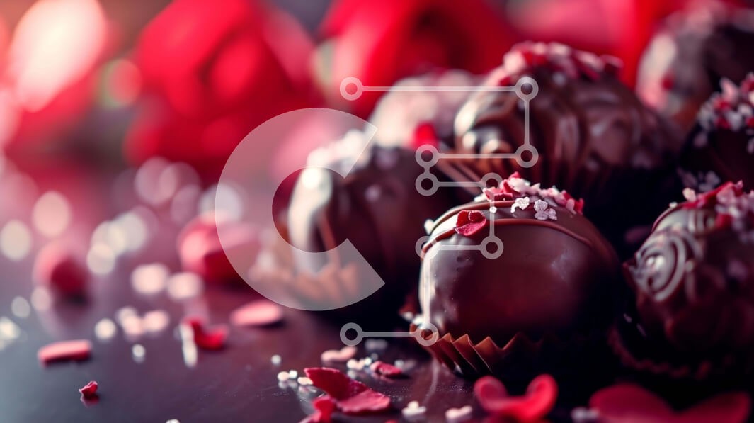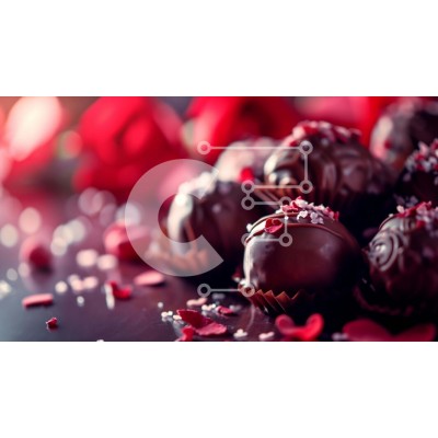 Υπάρχει δυνατότητα προσωποποίησης με δική σας φωτογραφία και προσαρμογής διαστάσεων κατόπιν παραγγελίας. Το συγεκεριμενο puzzle παρουσιαζει Αυτή η εικόνα παρουσιάζει μια ομάδα από τρούφες σοκολάτας τοποθετημένες πάνω από κόκκινα τριαντάφυλλα και σκορπισμένες γύρω από ένα τραπέζι. Η σκηνή ενισχύεται περαιτέρω με μικρά κομμάτια καραμέλας πασπαλισμένα παντού, δημιουργώντας μια ρομαντική ατμόσφαιρα. Είναι μια τέλεια α
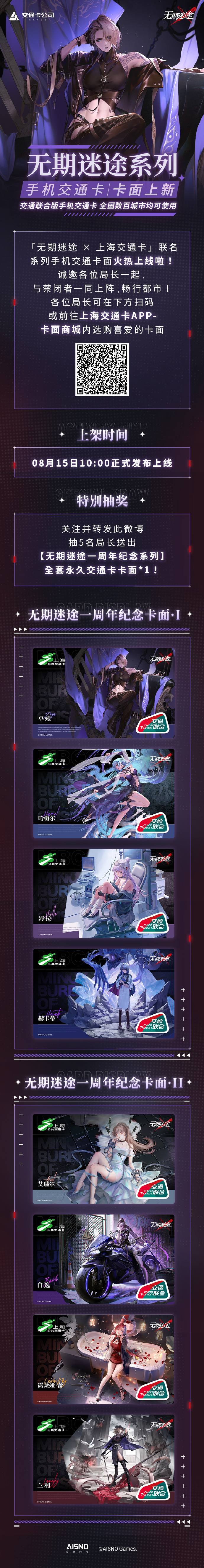 「无期迷途 × 上海交通卡」联名系列手机交通卡面08月15日10:00上线!
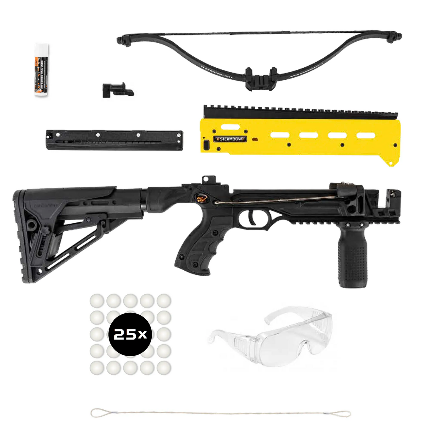 Achtung: Die B08 ist ausschließlich mit reizstoffgefüllten Kugeln, sog. PepperBalls™, „Less than Lethal“, also mit größter Wahrscheinlichkeit nicht tödlich. Mit harten oder schweren Kugeln ist die Armbrust potenziell tödlich und muss auch als solche behandelt werden.
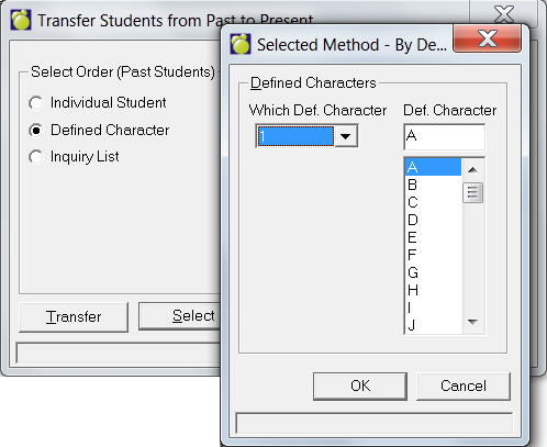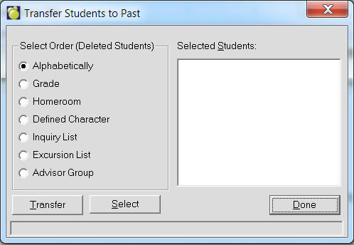 1. To transfer students choose Students, Transfer, From Present to Past to see a Transfer screen.
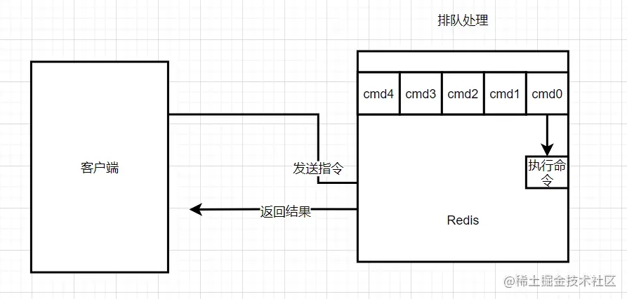 Redis是单线程来处理命令,所以一条命令从客户端到达服务端不会立即被执行,所有的命令都会进入一个队列,然后逐个被执行。
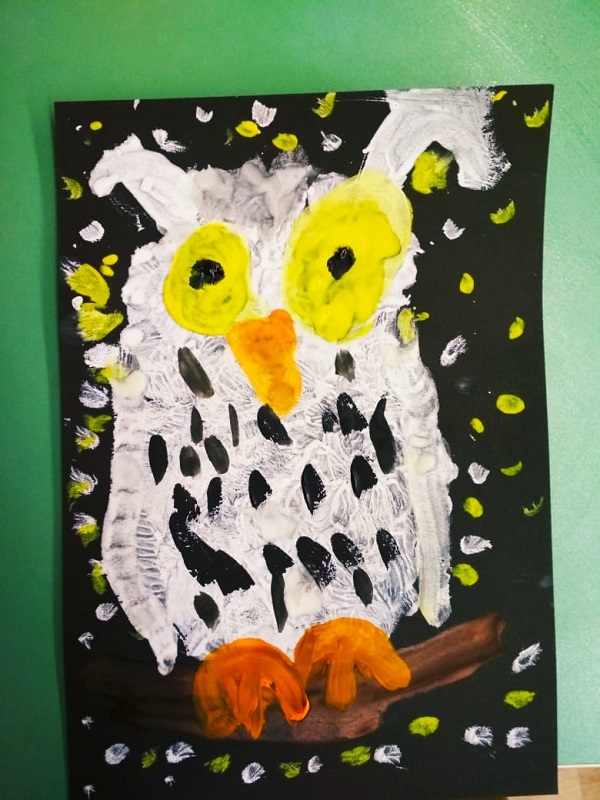 А на занятии в кружке «Крылья творчества» малыши подготовили рисунки. Главной фигурой снова оказалась сова – полярная.
══════
» **Problem**
Any picture among the entries must be skipped; copy all else exactly.

» **Worked solution**
 Υπάρχει δυνατότητα προσωποποίησης με δική σας φωτογραφία και προσαρμογής διαστάσεων κατόπιν παραγγελίας. Το συγεκεριμενο puzzle παρουσιαζει Αυτή η εικόνα παρουσιάζει μια ομάδα από τρούφες σοκολάτας τοποθετημένες πάνω από κόκκινα τριαντάφυλλα και σκορπισμένες γύρω από ένα τραπέζι. Η σκηνή ενισχύεται περαιτέρω με μικρά κομμάτια καραμέλας πασπαλισμένα παντού, δημιουργώντας μια ρομαντική ατμόσφαιρα. Είναι μια τέλεια α
 「无期迷途 × 上海交通卡」联名系列手机交通卡面08月15日10:00上线!
 Achtung: Die B08 ist ausschließlich mit reizstoffgefüllten Kugeln, sog. PepperBalls™, „Less than Lethal“, also mit größter Wahrscheinlichkeit nicht tödlich. Mit harten oder schweren Kugeln ist die Armbrust potenziell tödlich und muss auch als solche behandelt werden.
 1. To transfer students choose Students, Transfer, From Present to Past to see a Transfer screen.
 Redis是单线程来处理命令,所以一条命令从客户端到达服务端不会立即被执行,所有的命令都会进入一个队列,然后逐个被执行。
 А на занятии в кружке «Крылья творчества» малыши подготовили рисунки. Главной фигурой снова оказалась сова – полярная.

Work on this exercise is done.